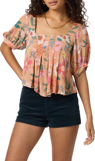 Crinkly and lightweight, this pleated shirt toes the line between casual and fanciful with its puff sleeves and beautiful blooms.
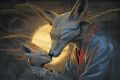 Tender Moment Between Foxes Against Illuminated Backdrop
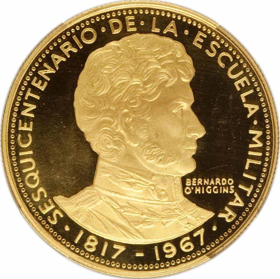 Bernardo O'Higgins armored bust right, dates below.
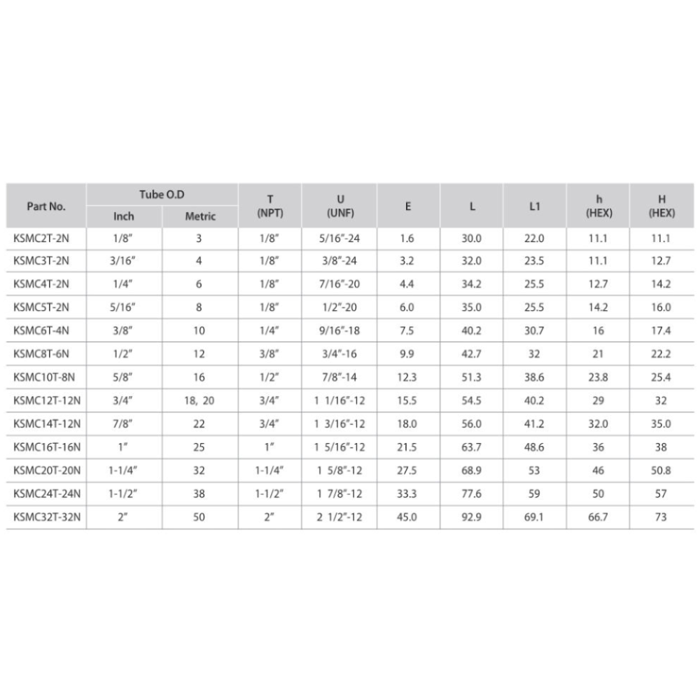 | KSMC4T-2N-SS | 1/4" | 6 |
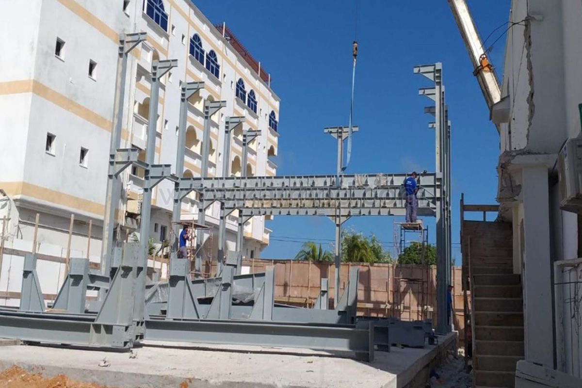 Мы построили двухэтажный конференц-зал при помощи нашей обычная тяжелая стальная конструкция в отеле Jazeera Palace в Восточной Африке на берегу Индийского океана в Могадишо, столице Сомали, всего за 60 дней. В отеле 85 роскошных номеров, где расположены посольства трех стран, а так же гостят дипломаты. Известный своей безопасностью отель так же предпочитают бизнесмены и представители международных неправительственных организаций.
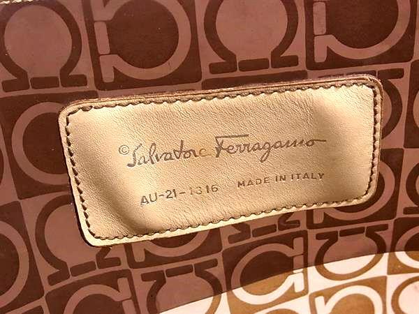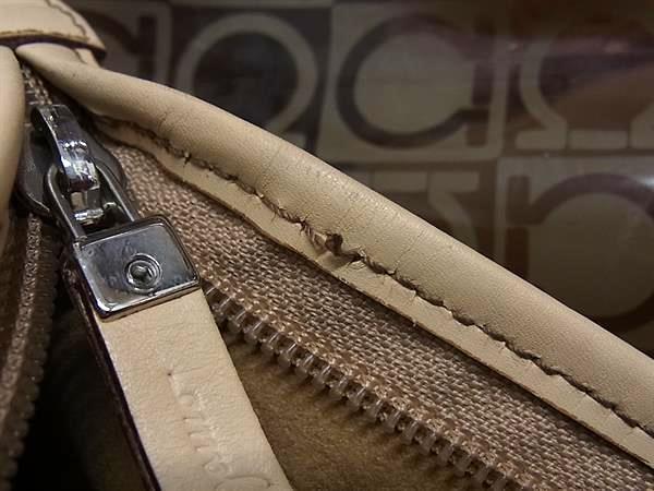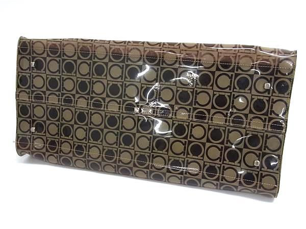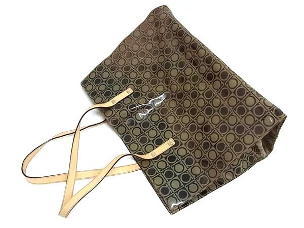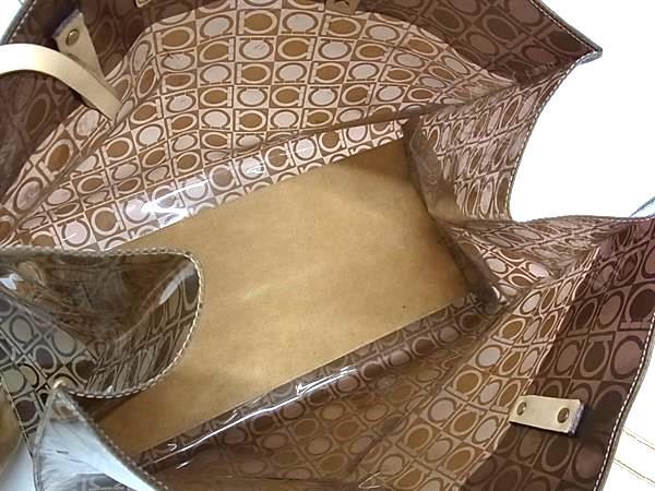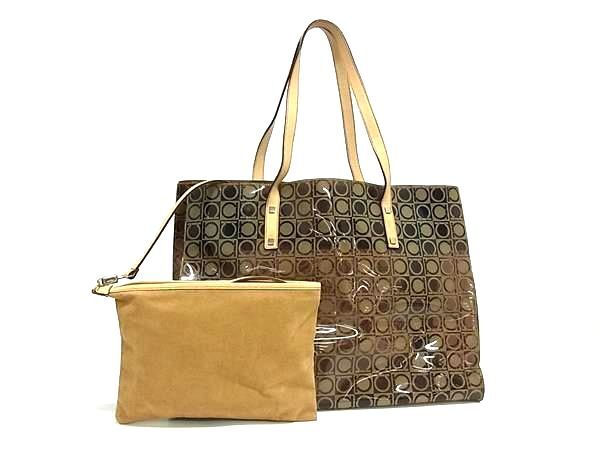 1円 Salvatore Ferragamo フェラガモ ガンチーニ柄 ビニール×レザー ポーチ付き ショルダー トート ハンドバッグ ブラウン系 FS5494
=======
§ AIM OF THE EXERCISE
Print, please, exactly the lines from the one holding "Мы построили двухэтажный" through the final line of the data, both included, while leaving out each picture.

§ FINAL ANSWER
 Мы построили двухэтажный конференц-зал при помощи нашей обычная тяжелая стальная конструкция в отеле Jazeera Palace в Восточной Африке на берегу Индийского океана в Могадишо, столице Сомали, всего за 60 дней. В отеле 85 роскошных номеров, где расположены посольства трех стран, а так же гостят дипломаты. Известный своей безопасностью отель так же предпочитают бизнесмены и представители международных неправительственных организаций.
 1円 Salvatore Ferragamo フェラガモ ガンチーニ柄 ビニール×レザー ポーチ付き ショルダー トート ハンドバッグ ブラウン系 FS5494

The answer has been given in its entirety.